Take the line containing "7月2日,唐洪祥的孫女唐鳴珂" through the last line of the data and retype those lines exactly. Pictures do not belong in the copy.

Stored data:
^^^^
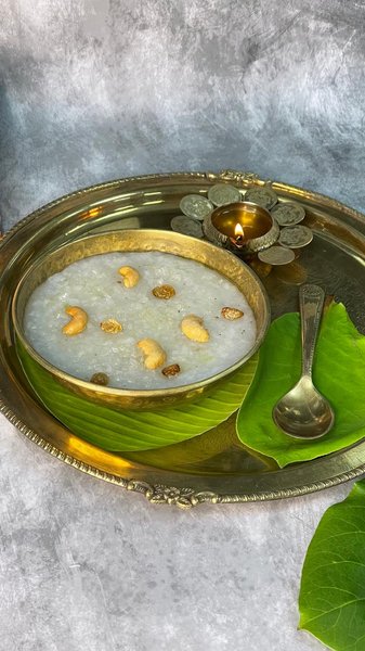 Traditional sweet porridge made with urad dal, jaggery, and coconut milk.
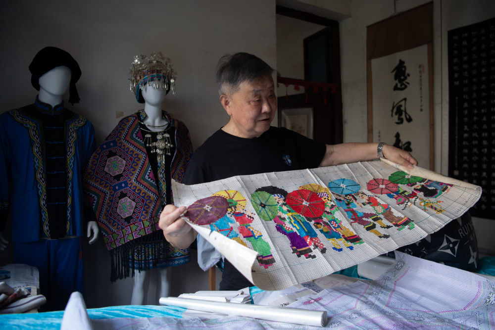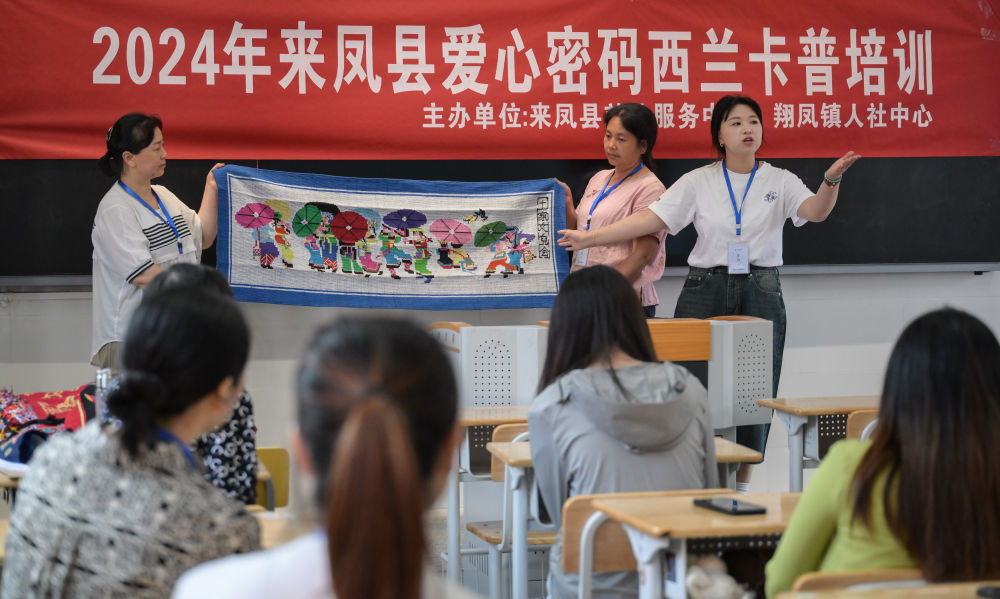 7月2日,唐洪祥的孫女唐鳴珂(后右一)在來鳳縣西蘭卡普培訓班上展示西蘭卡普成品。今年29歲的唐鳴珂國外留學后回到家鄉(xiāng),從事西蘭卡普的傳承發(fā)展工作。
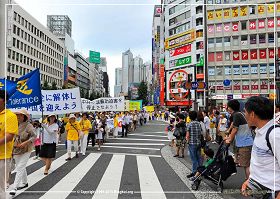 二零一三年七月十五日,法轮功学员在日本东京的繁华商业区新宿举行了游行集会,谴责中共十四年来对法轮功的残酷迫害,呼吁各界共同制止中共的暴行。
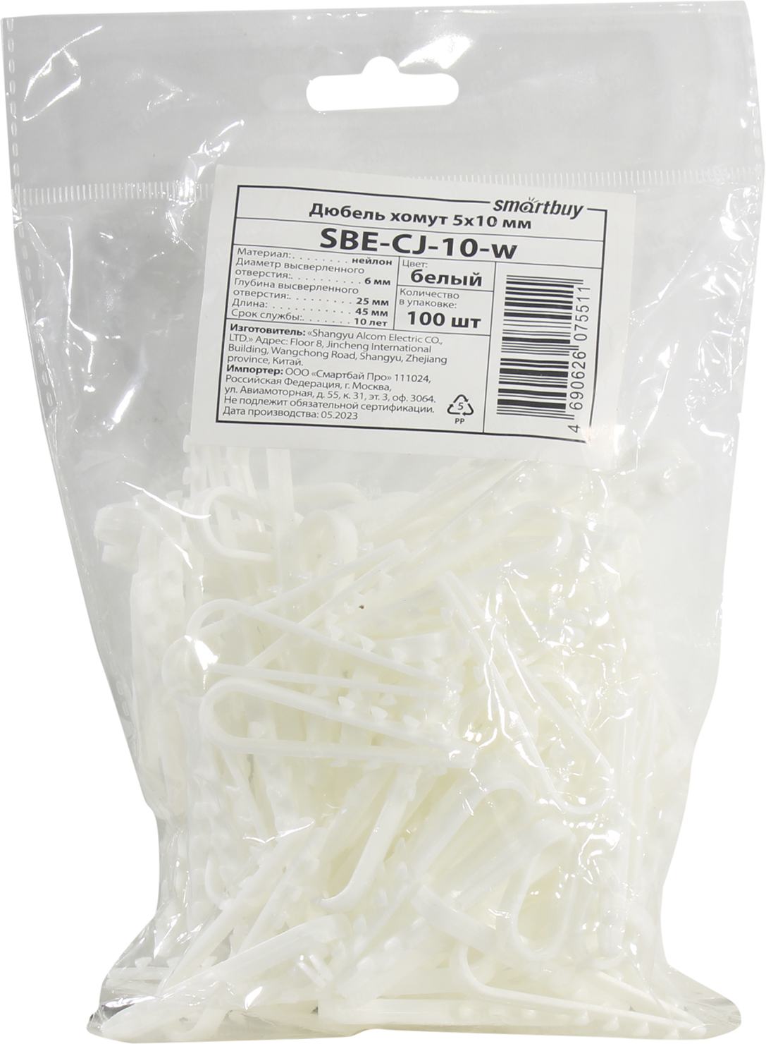 Smartbuy <SBE-CJ-10-w White> Дюбель-хомут 5x10мм, уп-ка 100 шт
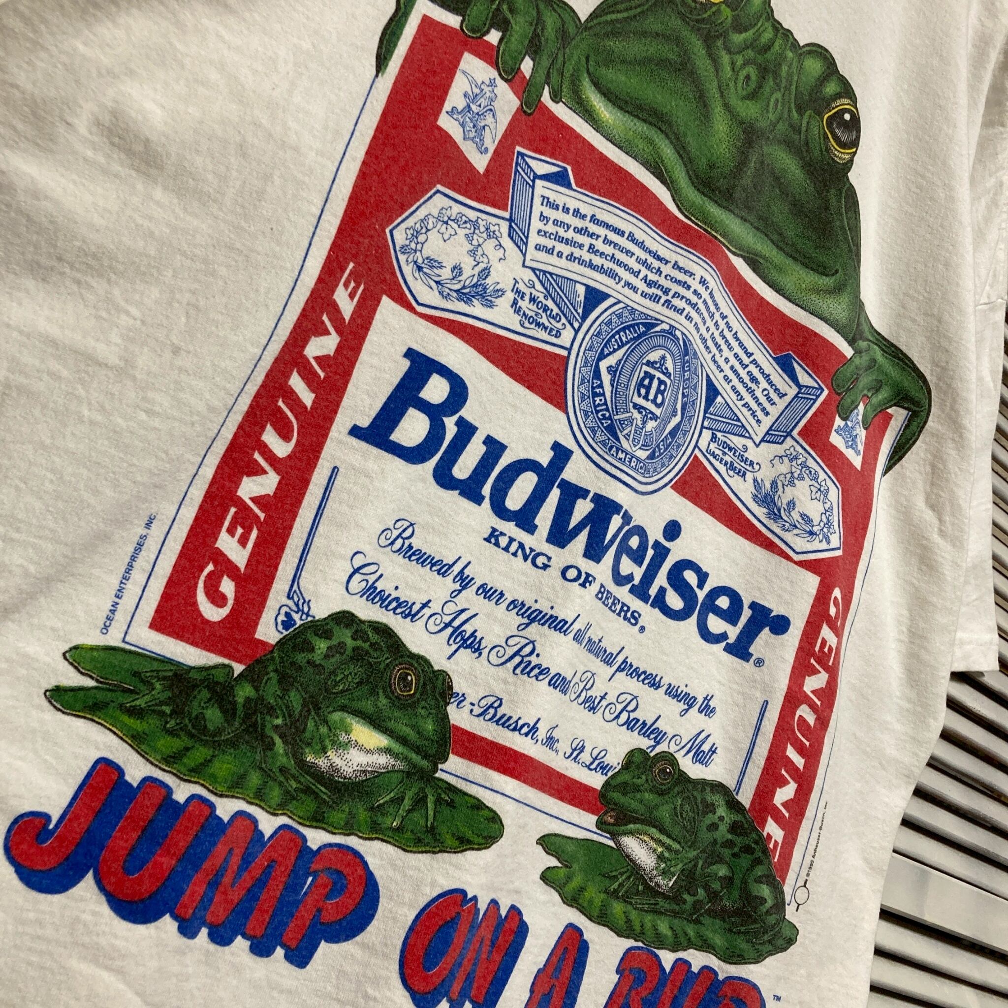CAZZ アドバタイジング Tシャツ USA製 90s バドワイザー Budweiser 蛙 カエル 白
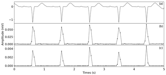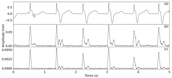 where and represent the amplitudes of the ith sample in the original ECG signal and denoised signal, respectively; M represents the filter length, which is set to 5 samples.
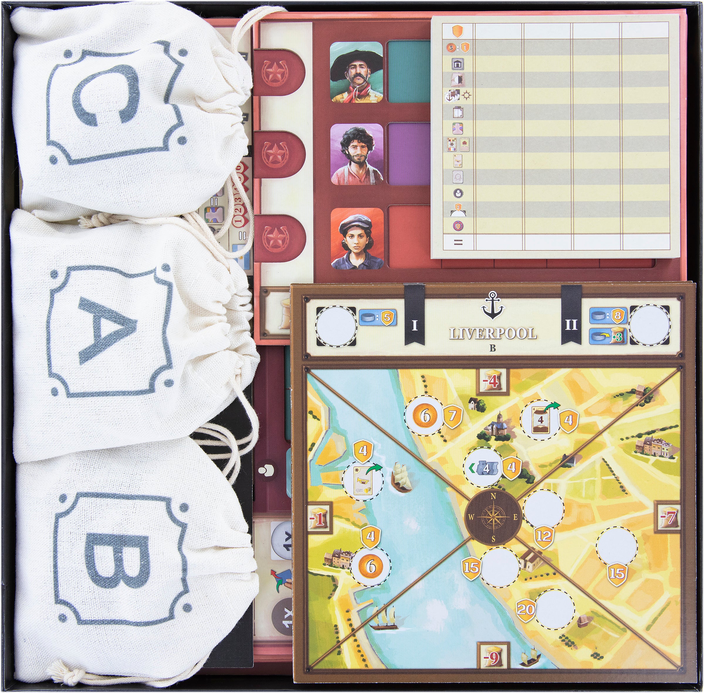 Fill the three cloth bags according to the numbers or letters with the corresponding tiles. This way, you can store them pre-sorted in the game box and use them for drawing individual tiles during the game. The filled cloth bags are stored on the plastic inserts next to the player boards.
^^^^
RESPONSE TO THIS TASK:
 7月2日,唐洪祥的孫女唐鳴珂(后右一)在來鳳縣西蘭卡普培訓班上展示西蘭卡普成品。今年29歲的唐鳴珂國外留學后回到家鄉(xiāng),從事西蘭卡普的傳承發(fā)展工作。
 二零一三年七月十五日,法轮功学员在日本东京的繁华商业区新宿举行了游行集会,谴责中共十四年来对法轮功的残酷迫害,呼吁各界共同制止中共的暴行。
 Smartbuy <SBE-CJ-10-w White> Дюбель-хомут 5x10мм, уп-ка 100 шт
CAZZ アドバタイジング Tシャツ USA製 90s バドワイザー Budweiser 蛙 カエル 白
 where and represent the amplitudes of the ith sample in the original ECG signal and denoised signal, respectively; M represents the filter length, which is set to 5 samples.
 Fill the three cloth bags according to the numbers or letters with the corresponding tiles. This way, you can store them pre-sorted in the game box and use them for drawing individual tiles during the game. The filled cloth bags are stored on the plastic inserts next to the player boards.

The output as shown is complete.